The new government refuses to rule out the Rwanda option
The Island’s government has again declined to rule out sending asylum seekers caught trying to enter Jersey to Rwanda, despite it emerging that an adviser warned the UK government that the African state tortures and kills political opponents.
The UK pursues the controversial policy to deport people thousands of miles in response to the number of migrants crossing the Channel from France.
When asked by the JEP in June, the government would not rule out that asylum seekers who land on Island or are stopped in Jersey waters could end up on one of the flights.

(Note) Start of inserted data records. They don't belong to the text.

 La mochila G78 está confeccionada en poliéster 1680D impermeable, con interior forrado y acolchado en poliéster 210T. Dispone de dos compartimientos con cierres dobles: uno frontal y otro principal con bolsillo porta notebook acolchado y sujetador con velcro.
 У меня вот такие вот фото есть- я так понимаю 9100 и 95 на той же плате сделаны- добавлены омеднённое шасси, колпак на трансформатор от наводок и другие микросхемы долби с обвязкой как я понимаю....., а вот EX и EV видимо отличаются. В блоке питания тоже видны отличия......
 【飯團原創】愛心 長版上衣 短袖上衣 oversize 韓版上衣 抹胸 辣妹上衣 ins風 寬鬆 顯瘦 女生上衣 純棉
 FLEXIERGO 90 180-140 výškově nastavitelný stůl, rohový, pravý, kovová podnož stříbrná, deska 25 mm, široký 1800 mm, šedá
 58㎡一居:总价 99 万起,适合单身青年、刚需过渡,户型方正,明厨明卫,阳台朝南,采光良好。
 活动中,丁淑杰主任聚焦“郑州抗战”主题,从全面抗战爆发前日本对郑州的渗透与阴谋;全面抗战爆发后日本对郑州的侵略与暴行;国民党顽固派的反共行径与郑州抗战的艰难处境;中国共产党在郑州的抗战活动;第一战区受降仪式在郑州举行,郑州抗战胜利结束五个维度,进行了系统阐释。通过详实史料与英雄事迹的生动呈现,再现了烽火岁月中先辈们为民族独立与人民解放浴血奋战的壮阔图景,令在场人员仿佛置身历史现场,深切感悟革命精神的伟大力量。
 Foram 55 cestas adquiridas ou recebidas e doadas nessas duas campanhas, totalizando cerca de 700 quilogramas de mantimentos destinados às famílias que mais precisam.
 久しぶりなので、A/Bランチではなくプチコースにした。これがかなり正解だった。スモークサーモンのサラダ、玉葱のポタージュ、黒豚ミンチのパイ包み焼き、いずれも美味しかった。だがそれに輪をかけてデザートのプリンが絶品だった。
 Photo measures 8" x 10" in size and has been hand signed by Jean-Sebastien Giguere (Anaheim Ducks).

The JEP was told that while Jersey has autonomy over immigration issues, it stays closely aligned with the UK and every illegal migrant is dealt with on an individual basis.
It emerged this week that one of the UK’s own advisers warned that the Rwandan government tortures and kills political opponents and questioned the tone and accuracy of a report relating to the plans.
The BBC and The Guardian, along with migrants from an aborted June flight, are asking in court for the entirety of the official’s comments on Rwanda to be made public.
The UK government has said its scheme will be more closely monitored.
Although the Island has a new government, the JEP was told earlier this week that there would be no change in relation to how Jersey processes asylum seekers who are stopped here.
A government spokesman said any potential asylum seekers would continue to be handled on a case-by-case basis.
The UK government is still pursuing the Rwanda scheme, which caretaker-Prime Minister Boris Johnson has said was necessary to break human trafficking chains.
The first planned flight to Rwanda was stopped in June after a last-minute move from the European Court of Human Rights, which asked the High Court in London to determine whether the policy was lawful.
A hearing is scheduled for next month.
Rwandan officials have insisted the country is safe and asylum seekers should not see being sent there as a ‘punishment’.
Over 20,000 have crossed the English Channel in small boats already this year, according to the UK Ministry of Defence.